Current Investment Outlook. We must evaluate many positive and negative factors that may affect U.S. and global stock markets. This outlook is written on February 20, 2008 and represents our current views, which are subject to change:

We believe the positive factors now include relatively low and declining interest rates; the likelihood that the Federal Reserve will continue to reduce interest rates; lower valuations of many stocks, in relation to earnings and dividends; large amounts of cash on the sidelines, potentially available for investment (U.S. and global); positive stock market history during the 4th year of the Presidential term; global economy and foreign stock markets apparently stronger than U.S.; and pessimism among investors and investment advisers (we use this as a contrary indicator; history shows that buying stocks is more likely to be profitable when there is high pessimism rather than optimism).

We believe major stock markets risks include global vulnerability to further correction or bear market after 5 bull-market years; U.S. and global credit problems may be worse than the expectations now priced into markets; U.S. economic slowdown or recession may be worse than is now expected; the Federal Reserve may have moved too slowly to reduce rates; fiscal stimulus may be too late or too small; higher inflation or inflation expectations; U.S. high consumer debt; low U.S. savings; U.S. budget and current accounts deficits; global vulnerability to shocks (oil, terrorist attack, etc.); and panic by investors in a severe correction or bear market.
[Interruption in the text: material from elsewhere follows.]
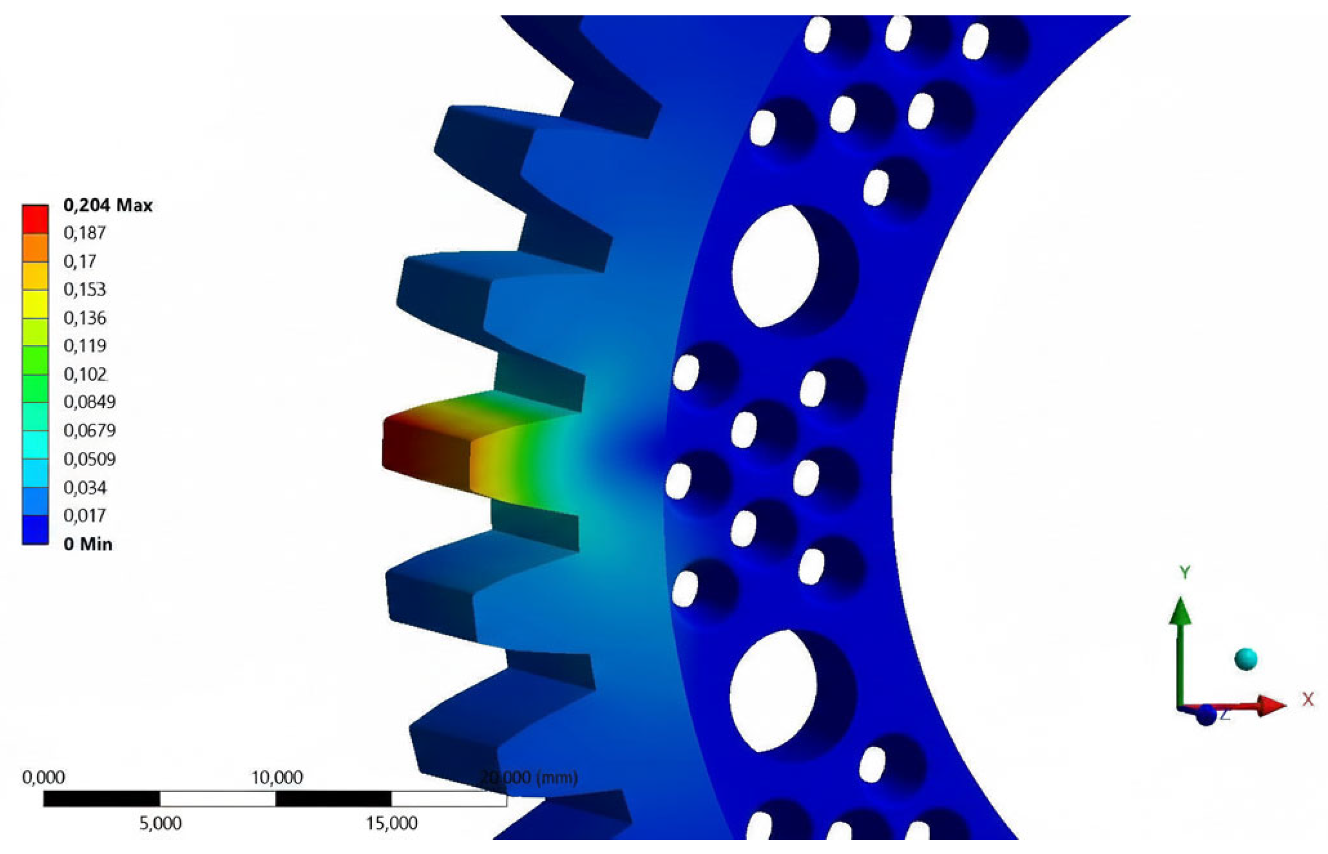 The results obtained during the first analysis in comparison with the material data, showed the possibility of increasing the value of the loading force. Based on the material tables, the yield strength of the POM material is in the range of 60 to 70 MPa. Taking into account the safety factor of 80%, the stresses reduced during the analysis can reach the limit of 48 MPa (for a yield strength of 60 MPa). After trial analyses, the value of the safe static load for further calculations was assumed to be 600 N. The analysis of the base model was repeated for total strain and reduced stress. The total strain results of the loaded tooth geometry were used as a reference for the process of designing a prototype gear intended for the manufacturing process using 3D printing technology.

We believe total U.S. stock market risks remain high. However, we believe the reward/risk ratio is slightly negative near-term (1-3 months), slightly positive intermediate-term (4-12 months), and moderately positive long-term. We believe foreign stock market risks are also high but the near-term, intermediate-term, and long-term reward/risk ratios are better than for U.S. stock markets. We believe some emerging markets, especially in low-valuation and low-tax countries in Eastern Europe and Asia, offer special opportunities. As always, foreign markets have unique risks and opportunities.
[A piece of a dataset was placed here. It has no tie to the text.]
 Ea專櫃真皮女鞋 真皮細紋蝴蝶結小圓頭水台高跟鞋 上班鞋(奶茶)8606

Weighing these factors, Pearl Total Return Fund is now about 90% invested in equity mutual funds. This Fund’s investments have a growth emphasis but also include significant value and blend components, and have a continuing high emphasis on foreign stock funds.

Pearl Aggressive Growth Fund continues to be fully invested (95% or more; now about 98%) in equity mutual funds. In comparison with Total Return Fund, Aggressive Growth Fund’s portfolio as a whole is more volatile and holds more emerging markets funds.

Both Pearl Funds hold a broad, diversified mixture of equity funds that hold small-cap, mid-cap, and large-cap stocks. Both funds have continued to increase their large-cap holdings, but Aggressive Growth Fund has more small-cap and mid-cap investments than Total Return Fund has.

We diligently seek to select appropriate mutual funds in view of changing market conditions and each Fund’s investment objective. Taking into account the opportunities and the risks, we believe each Pearl Fund’s current portfolio mix is appropriate for the current market environment.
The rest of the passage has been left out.